Table 16. RV64D Standard Extension

	Source Registers	Destination Registers	Accumulating CSRs
FCVT.L.D	rs1, frm*	rd	NV, NX	*if rm=111
FCVT.LU.D	rs1, frm*	rd	NV, NX	*if rm=111
FMV.X.D	rs1	rd
FCVT.D.L	rs1, frm*	rd	NX	*if rm=111
FCVT.D.LU	rs1, frm*	rd	NX	*if rm=111
FMV.D.X	rs1	rd

3.2 Ztso Extension for Total Store Ordering

This section defines the Ztso extension for the RISC-V Total Store Ordering (RVTSO) memory consistency model. RVTSO is defined as a delta from RVWMO.

note

The Ztso extension is meant to facilitate the porting of code originally written for the x86 or SPARC architectures, both of which use TSO by default. It also supports implementations which inherently provide RVTSO behavior and want to expose that fact to software.

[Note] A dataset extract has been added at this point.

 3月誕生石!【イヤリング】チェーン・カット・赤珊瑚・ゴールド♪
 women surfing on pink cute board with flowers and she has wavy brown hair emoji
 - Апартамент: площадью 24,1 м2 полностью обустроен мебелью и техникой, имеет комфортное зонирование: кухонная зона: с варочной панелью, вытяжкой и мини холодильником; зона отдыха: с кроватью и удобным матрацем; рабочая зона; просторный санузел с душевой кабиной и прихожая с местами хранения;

RVTSO makes the following adjustments to RVWMO:

• All load operations behave as if they have an acquire-RCpc annotation
• All store operations behave as if they have a release-RCpc annotation.
• All AMOs behave as if they have both acquire-RCsc and release-RCsc annotations.

note

These rules render all PPO rules except 4-7 redundant. They also make redundant any non-I/O fences that do not have both PW and SR set. Finally, they also imply that no memory operation will be reordered past an AMO in either direction.

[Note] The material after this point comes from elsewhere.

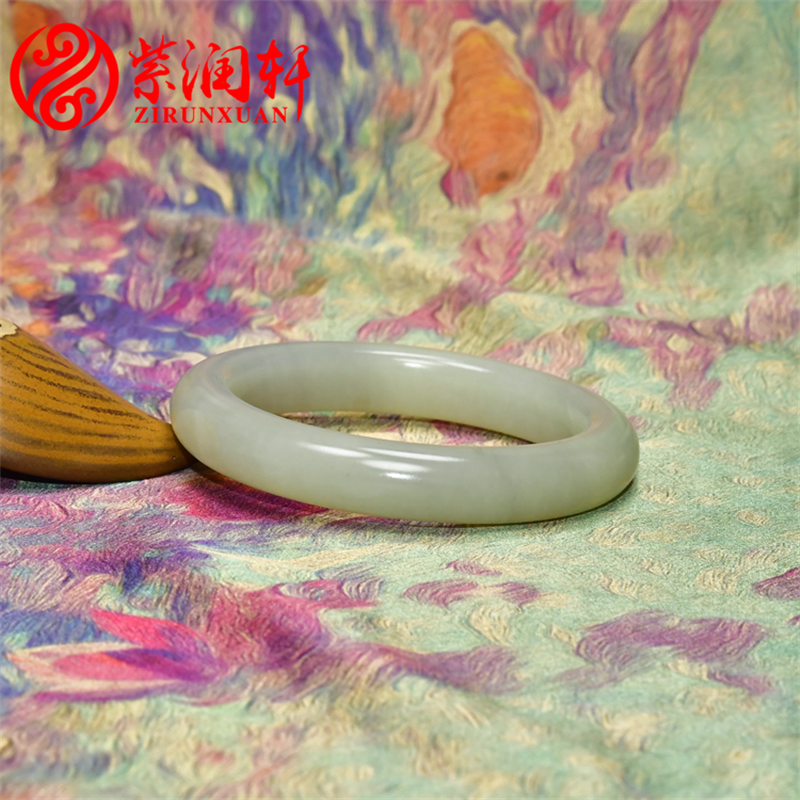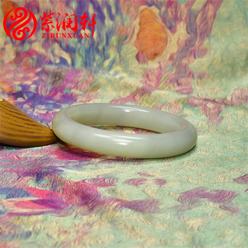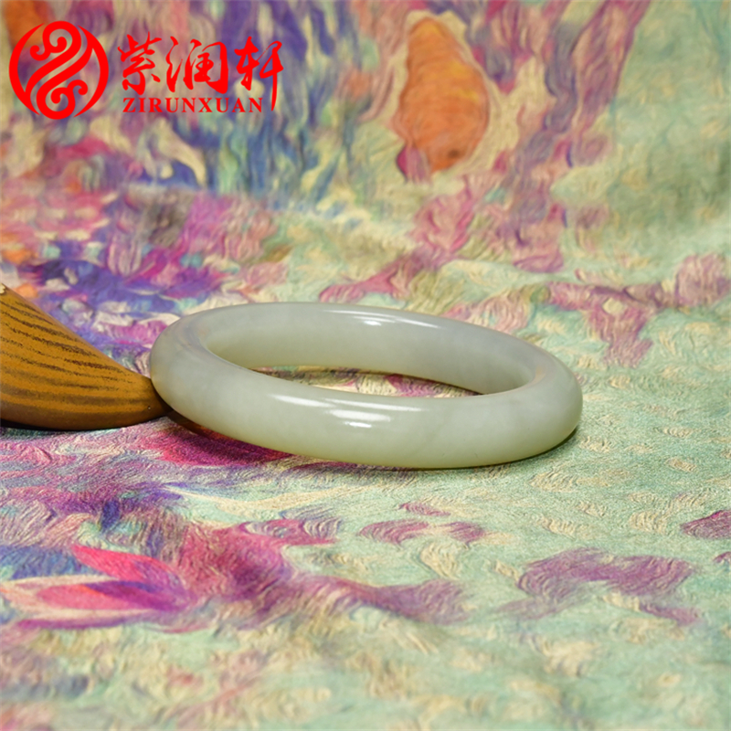 紫润轩新疆和田玉高青白玉籽料手镯闪青花正装泥鳅背59 5MM收藏级

In the context of RVTSO, as is the case for RVWMO, the storage ordering annotations are concisely and completely defined by PPO rules 5-7. In both of these memory models, it is the Section 3.1.1.4.1 that allows a hart to forward a value from its store buffer to a subsequent (in program order) load—that is to say that stores can be forwarded locally before they are visible to other harts.

Additionally, if the Ztso extension is implemented, then vector memory instructions in the V extension and Zve* family of extensions follow RVTSO at the instruction level. The Ztso extension does not strengthen the ordering of intra-instruction element accesses.

In spite of the fact that Ztso adds no new instructions to the ISA, code written assuming RVTSO will not run correctly on implementations not supporting Ztso. Binaries compiled to run only under Ztso should indicate as such via a flag in the binary, so that platforms which do not implement Ztso can simply refuse to run them.